Carl Malamud is on a crusade to liberate information locked up behind paywalls — and his campaigns have scored many victories. He has spent decades publishing copyrighted legal documents, from building codes to court records, and then arguing that such texts represent public-domain law that ought to be available to any citizen online. Sometimes, he has won those arguments in court. Now, the 60-year-old American technologist is turning his sights on a new objective: freeing paywalled scientific literature. And he thinks he has a legal way to do it.

Over the past year, Malamud has — without asking publishers — teamed up with Indian researchers to build a gigantic store of text and images extracted from 73 million journal articles dating from 1847 up to the present day. The cache, which is still being created, will be kept on a 576-terabyte storage facility at Jawaharlal Nehru University (JNU) in New Delhi. “This is not every journal article ever written, but it’s a lot,” Malamud says. It’s comparable to the size of the core collection in the Web of Science database, for instance. Malamud and his JNU collaborator, bioinformatician Andrew Lynn, call their facility the JNU data depot.
www.nature.com/articles/d41586-019-02142-1
 
Thought this would be best here rather than on a new thread.

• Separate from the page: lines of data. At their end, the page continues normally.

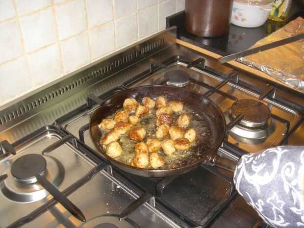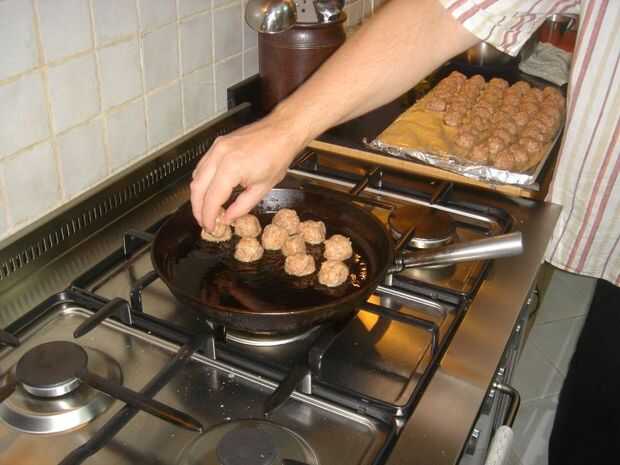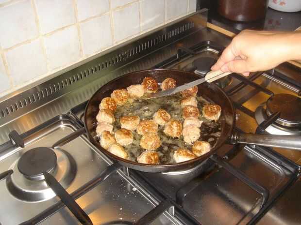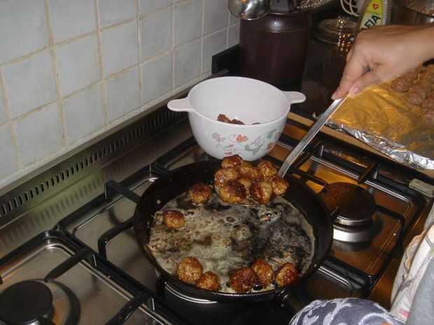 Llene la mitad del pan con albóndigas y freírlas por mientras por un lado, hacerlas rodar alrededor un poco con una espátula. Después de un tiempo puede sacudir la bandeja para obtener las albóndigas en movimiento y conseguir redondo y frito por todos lados.
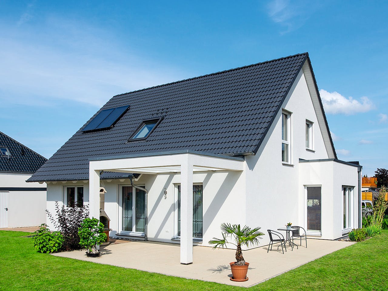 Mit dem Auszug der Kinder beschloss das Ehepaar Herse, ihr Haus zu verkaufen und nach den neuen Bedürfnissen ein zweites Mal zu bauen. Entstanden ist ein klassisches Wohnhaus aus der Baureihe Balance. Das Satteldach ohne Kniestock ist mit schiefergrauen Betondachsteinen eingedeckt. In Kombination mit der weißen Putzfassade und den Fensterrahmen in Weiß kommt das anderthalb-geschossige Haus schlicht und zurückhaltend daher. Dank dem Rechteckerker auf der Südseite ist die Küche noch geräumiger. Vom Ess- und Wohnbereich gelangt man auf die Terrasse. Eine Pergola mit Dachverglasung schützt vor Regen.
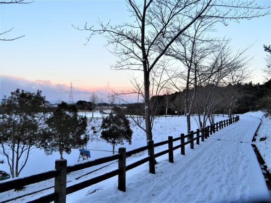 本日、午前中は小雪が絶え間なく舞い散る寒い日だった。雪国の豪雪とは比較にもならないが、拙宅前も朝方は雪景色だった。昼過ぎには雪も止んで、路面の雪もなくなっていた。終日どこにも行かずデスクワークに専念。だが、うまい晩酌を飲むために晴れ間が見えてきた夕刻に散歩。車の外気温インジケーターでは2℃。総合公園内の遊歩道ではまだ雪が残っていた(写真上)。手袋を外して写真を撮っていたら指がギンギンに冷えてしまった。明日も降るらしいが、お手柔らかにお願いしたいものである。室内をウロチョロと夕刻散歩で4533歩。

www.nature.com/articles/d41586-019-02142-1
From projects like this I'm really looking forward for an evaluation of the entire body of psychosomatic medical research to show how, other than terminology, it still parrots the exact same tropes as a full century ago, unchanged and just as hollow. The phrasing may be different but the substance is exactly the same. It will be pretty illuminating.

Especially with the recent rise of FND as a shiny new thing despite the fact that it dates back at least as far as a century ago, in the exact same form (whatever form warm air can take anyway). Same with BPS that is simply a rebranding of the early psychosocial model and simply added baked-in deceit.

Same manure. Same rear ends. However you bottle it, whatever comes out is just as toxic. Although at least actual manure is useful, unlike the tripes it came from.
 
The cache, which is still being created, will be kept on a 576-terabyte storage facility at Jawaharlal Nehru University (JNU) in New Delhi.

Or... just buy 72 of these 8TB hard drives for $120 a piece and create your own 576TB storage facility for about $8,600. :)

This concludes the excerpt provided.